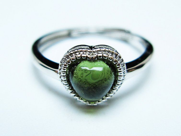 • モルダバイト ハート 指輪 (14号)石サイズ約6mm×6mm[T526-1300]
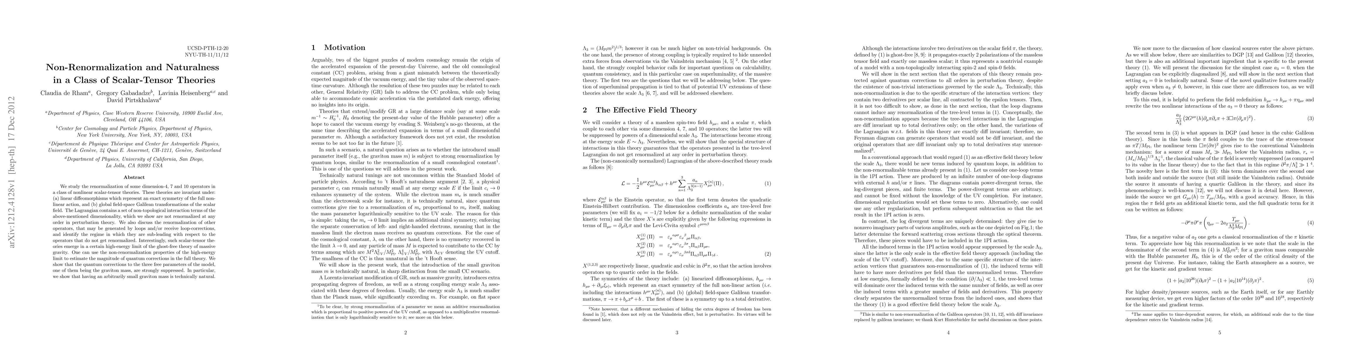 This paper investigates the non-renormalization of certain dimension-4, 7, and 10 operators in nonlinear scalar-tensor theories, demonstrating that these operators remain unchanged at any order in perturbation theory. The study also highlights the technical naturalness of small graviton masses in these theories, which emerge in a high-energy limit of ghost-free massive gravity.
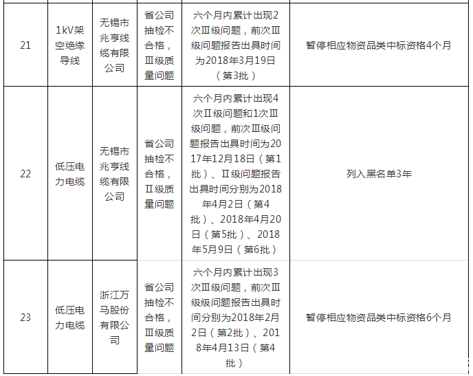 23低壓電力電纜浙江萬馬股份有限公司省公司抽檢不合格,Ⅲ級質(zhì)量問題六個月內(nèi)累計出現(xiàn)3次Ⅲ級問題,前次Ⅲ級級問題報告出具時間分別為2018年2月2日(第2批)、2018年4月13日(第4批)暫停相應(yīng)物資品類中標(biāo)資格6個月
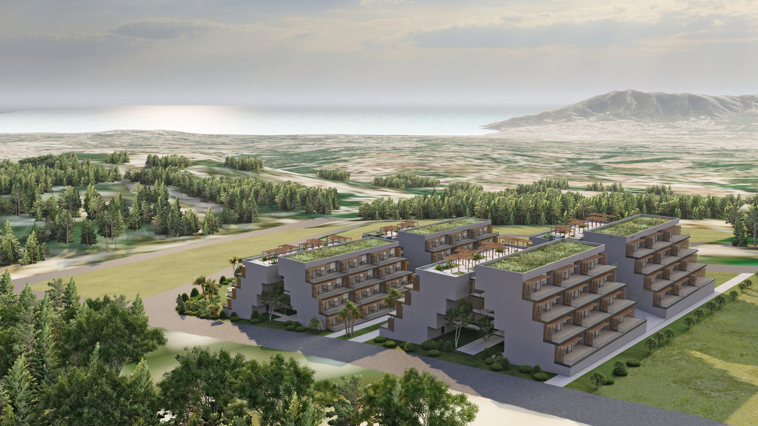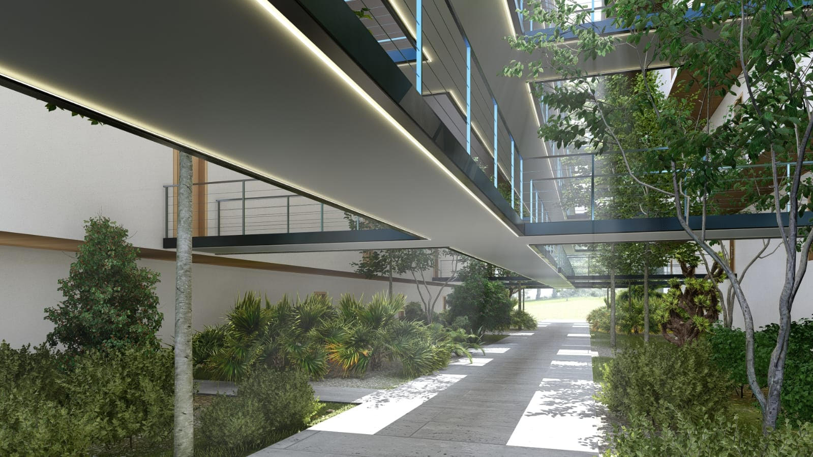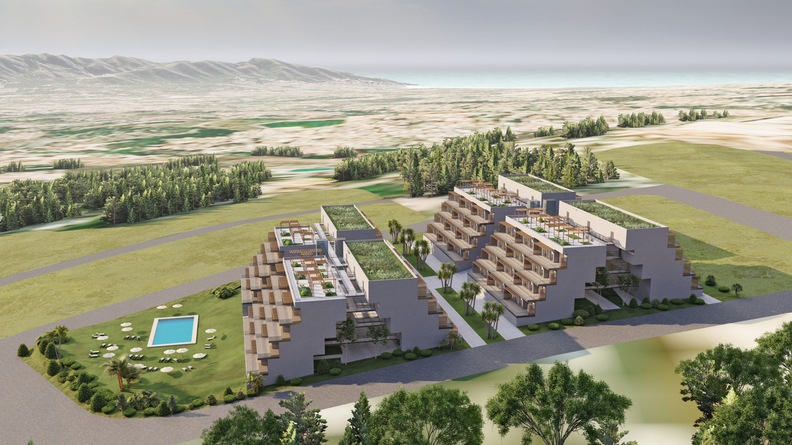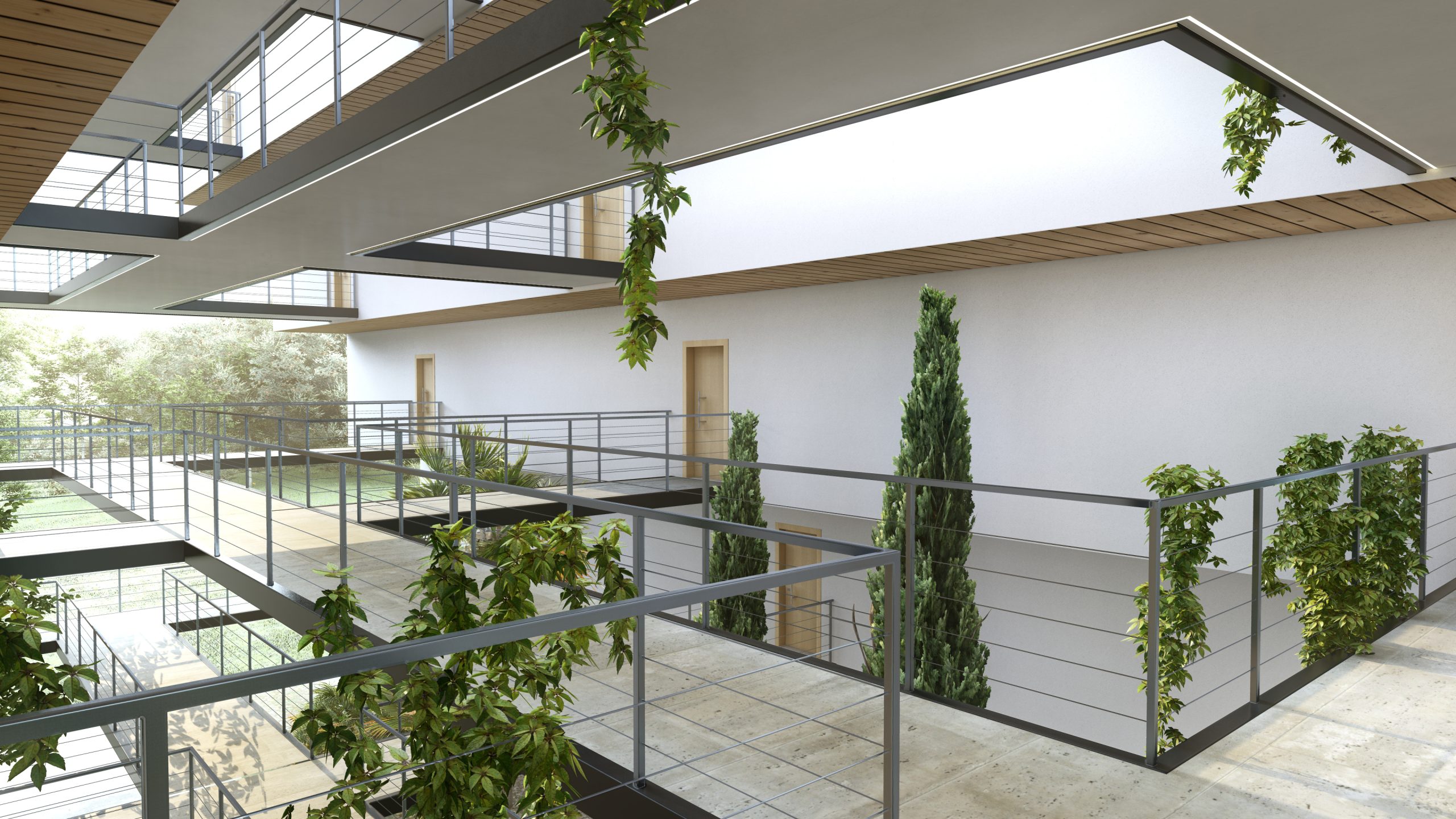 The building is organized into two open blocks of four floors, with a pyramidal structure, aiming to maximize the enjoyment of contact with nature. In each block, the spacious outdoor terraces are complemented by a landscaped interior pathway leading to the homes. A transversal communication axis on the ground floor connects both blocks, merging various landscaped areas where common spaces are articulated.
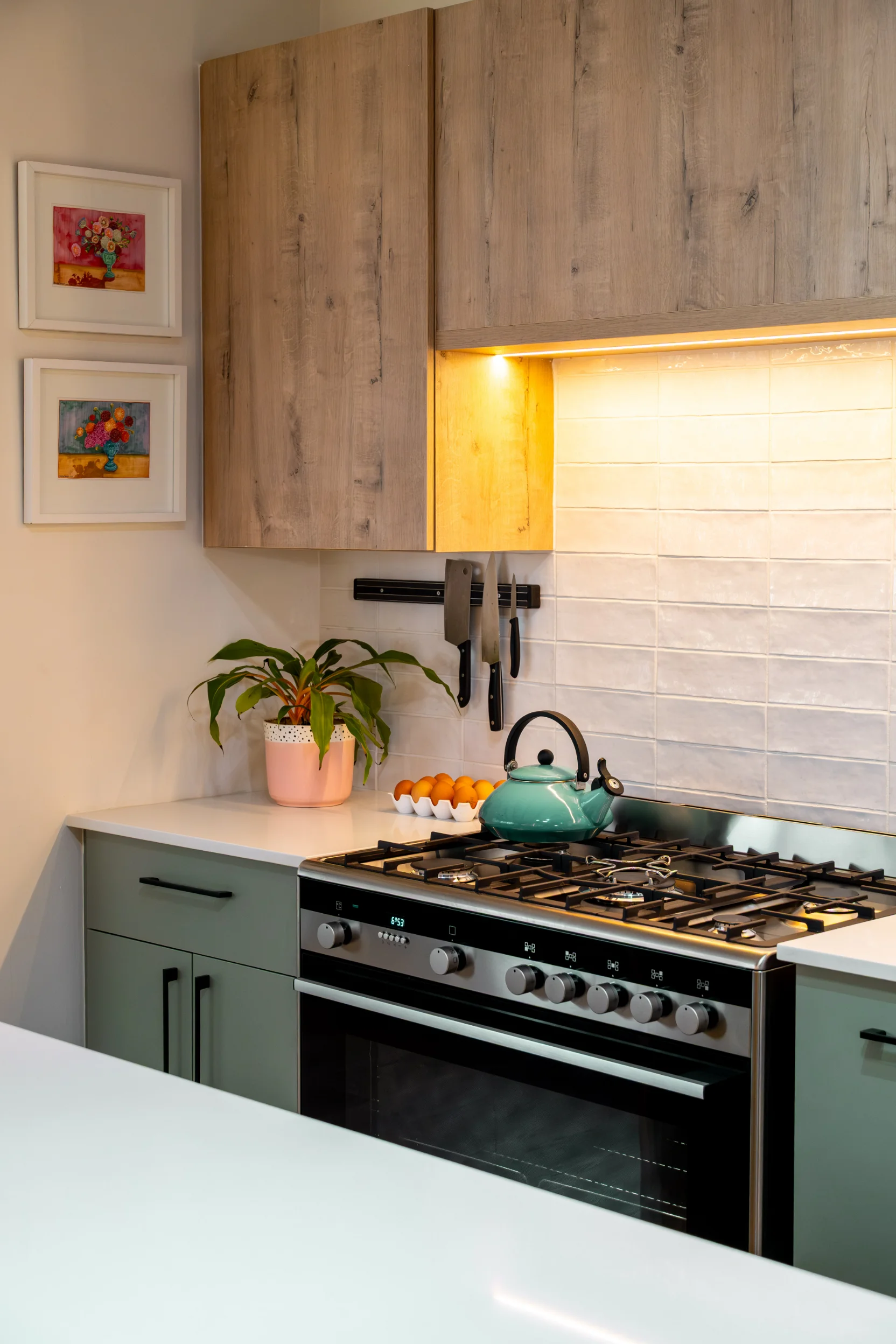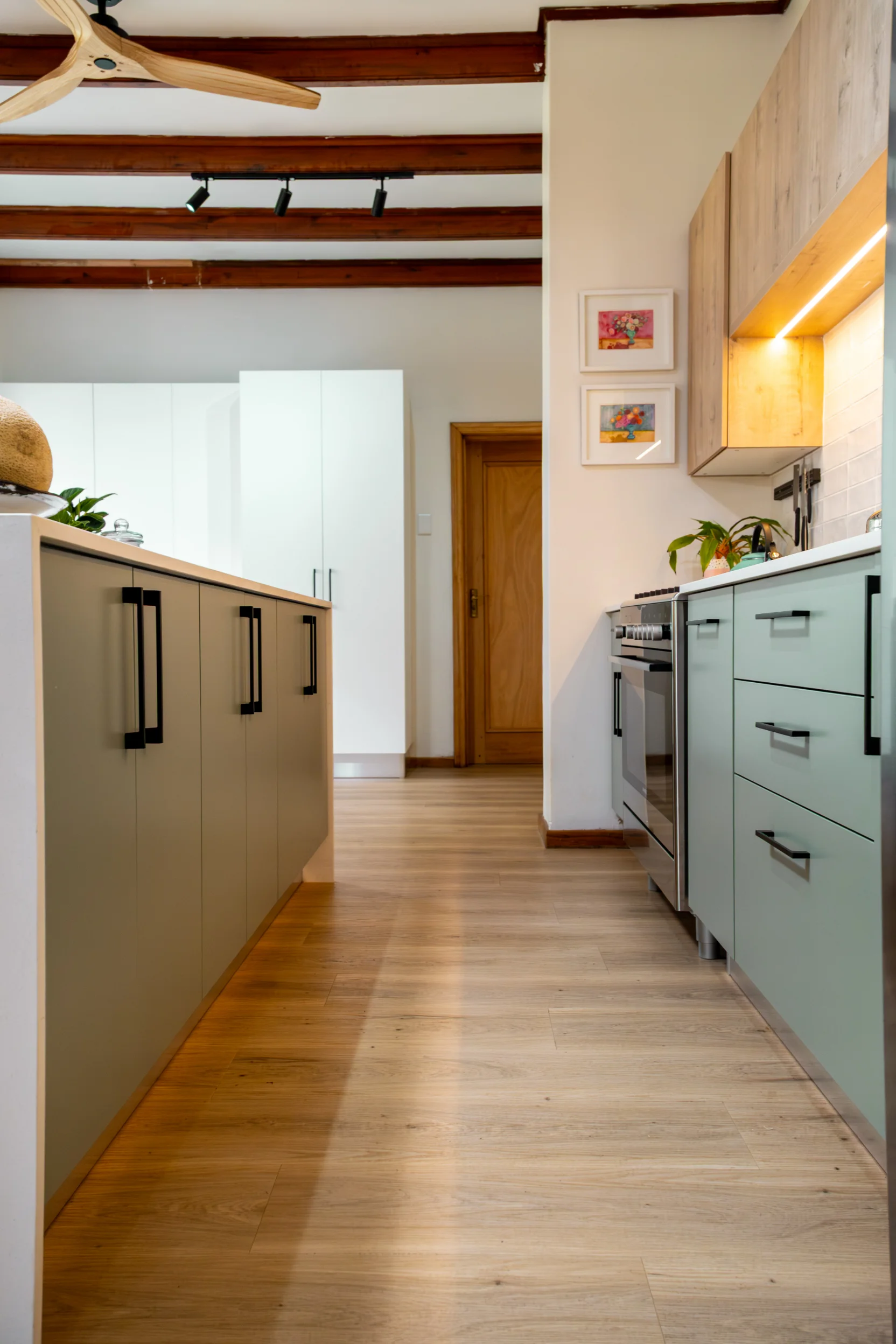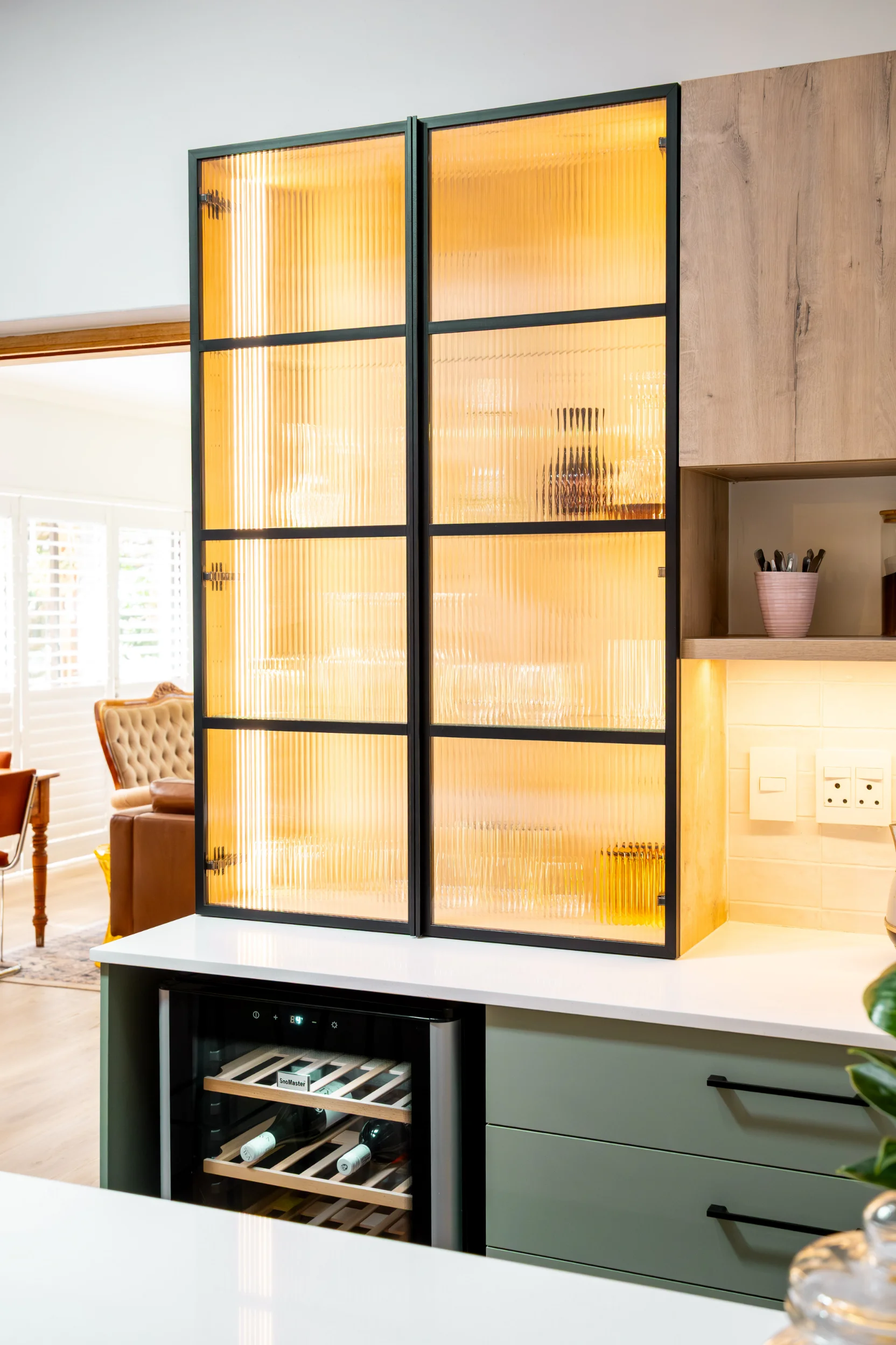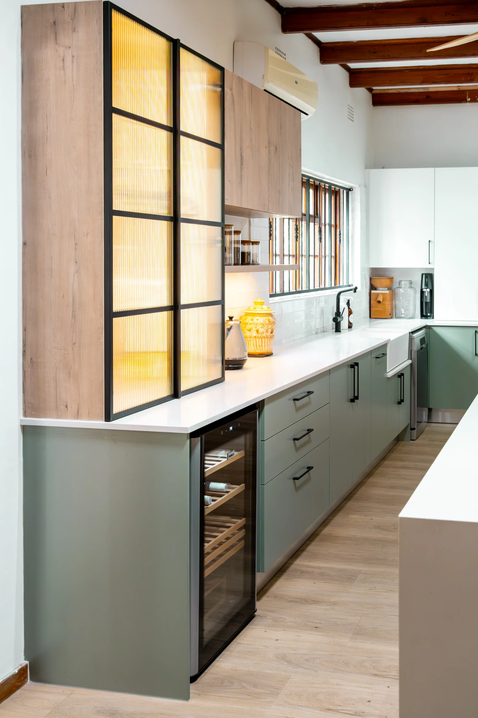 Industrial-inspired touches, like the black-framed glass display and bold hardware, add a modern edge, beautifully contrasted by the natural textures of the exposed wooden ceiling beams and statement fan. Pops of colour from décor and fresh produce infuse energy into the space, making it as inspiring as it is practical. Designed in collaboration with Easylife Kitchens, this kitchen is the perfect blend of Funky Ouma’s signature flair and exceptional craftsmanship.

..........

● WORK ITEM: From the first line to the last, give the data again exactly, but without pictures.

● REPLY TO THE TASK:
 • モルダバイト ハート 指輪 (14号)石サイズ約6mm×6mm[T526-1300]
 This paper investigates the non-renormalization of certain dimension-4, 7, and 10 operators in nonlinear scalar-tensor theories, demonstrating that these operators remain unchanged at any order in perturbation theory. The study also highlights the technical naturalness of small graviton masses in these theories, which emerge in a high-energy limit of ghost-free massive gravity.
 23低壓電力電纜浙江萬馬股份有限公司省公司抽檢不合格,Ⅲ級質(zhì)量問題六個月內(nèi)累計出現(xiàn)3次Ⅲ級問題,前次Ⅲ級級問題報告出具時間分別為2018年2月2日(第2批)、2018年4月13日(第4批)暫停相應(yīng)物資品類中標(biāo)資格6個月
 The building is organized into two open blocks of four floors, with a pyramidal structure, aiming to maximize the enjoyment of contact with nature. In each block, the spacious outdoor terraces are complemented by a landscaped interior pathway leading to the homes. A transversal communication axis on the ground floor connects both blocks, merging various landscaped areas where common spaces are articulated.
 Industrial-inspired touches, like the black-framed glass display and bold hardware, add a modern edge, beautifully contrasted by the natural textures of the exposed wooden ceiling beams and statement fan. Pops of colour from décor and fresh produce infuse energy into the space, making it as inspiring as it is practical. Designed in collaboration with Easylife Kitchens, this kitchen is the perfect blend of Funky Ouma’s signature flair and exceptional craftsmanship.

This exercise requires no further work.